I have a singleton class for my header ViewController that contains the elements I needed inside of it.

let HEADER = STORYBOARD.instantiateViewController(withIdentifier: "HeaderLayer") as? HeaderViewController

class HeaderViewController: UIViewController {

    @IBOutlet weak var ThemeLabel: UILabel!
    @IBOutlet weak var DifficultyImage: UIImageView!
    @IBOutlet weak var ExitButton: UIButton!

    override func viewDidLoad() {
        super.viewDidLoad()
        // ...
    }

    // Methods
}

And here's how I put my header in the UIWindow to make it appear at the top of the screen, where it will stay fixed even during segue animations. I change the frame because in full screen it would disable the interactions for the views underneath.

let STORYBOARD = UIStoryboard(name: "Main", bundle: nil)

class SceneDelegate: UIResponder, UIWindowSceneDelegate {

    var window: UIWindow?

    func scene(_ scene: UIScene, willConnectTo session: UISceneSession, options connectionOptions: UIScene.ConnectionOptions) {
    
        HEADER!.view.frame = CGRect(x: 0, y: 0, width: 1366, height: 142)
        window?.addSubview(HEADER!.view)
        window?.makeKeyAndVisible()
    
        // ...
    }
    // ...
}

Then it's necessary to bring the header to front everytime one of my ViewControllers appears.
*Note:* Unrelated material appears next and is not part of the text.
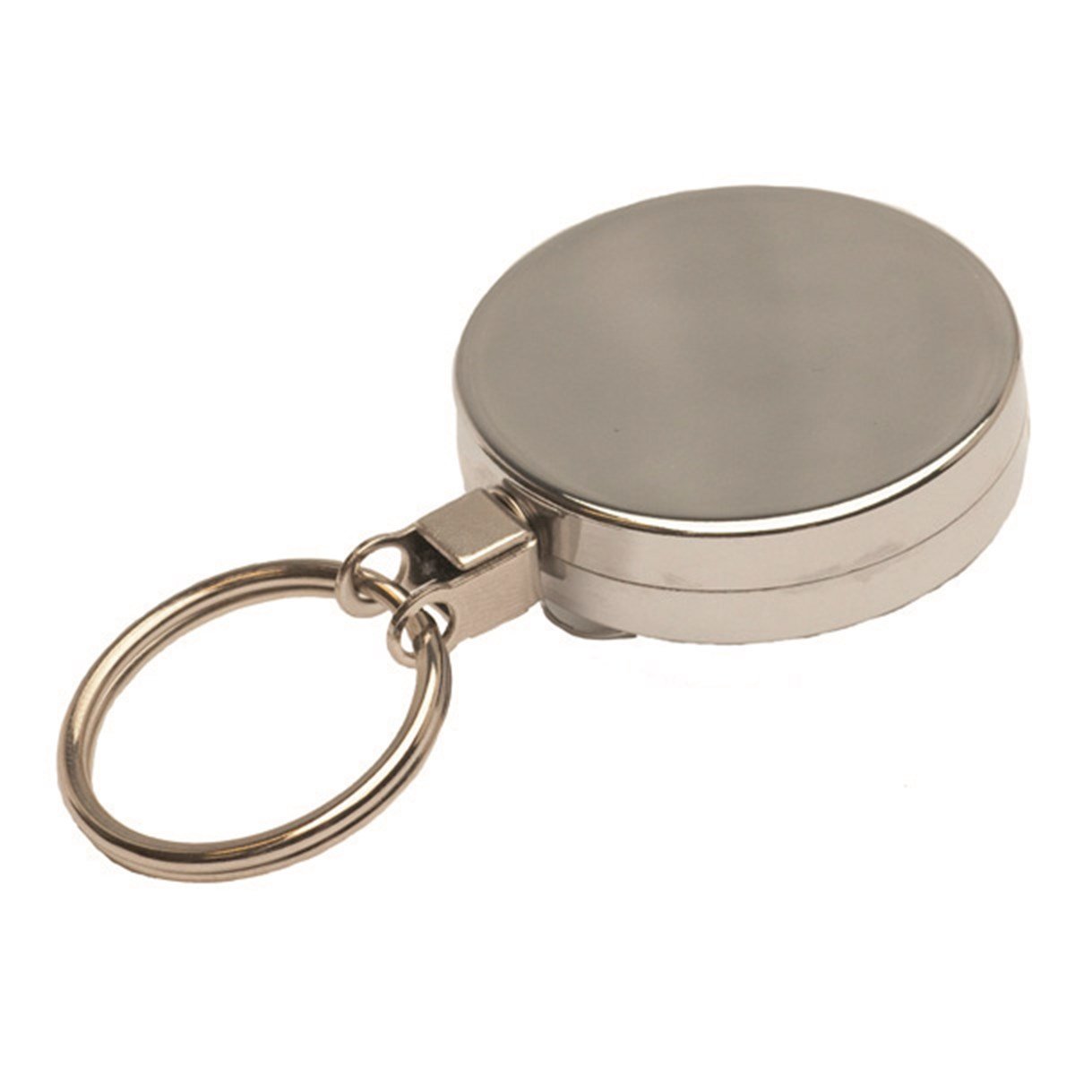 För kort och nycklar av olika format och tjocklekar. Ett eller flera kort och nycklar kan bäras i den förmonterade nyckelringen. Krokodilklämma kan användas för kort utan hål. Mycket enkel att hantera med en hand. Kraftigt bältesclip i metall på baksidan är standard. Trådlängd 85 cm.

class ViewController: UIViewController {

    override func viewDidAppear(_ animated: Bool) {
        super.viewDidAppear(animated)
    
        let window = UIApplication.shared.keyWindow
        window?.bringSubviewToFront(HEADER!.view)
    
        // ...
    }
}

I'm not using any UINavigationController or UITabBarController, but it is possible with this method.

The only problem I encountered is that UIApplication.shared.keywindow is deprecated. But it doesn't seem to cause any issue and I didn't find a solution yet.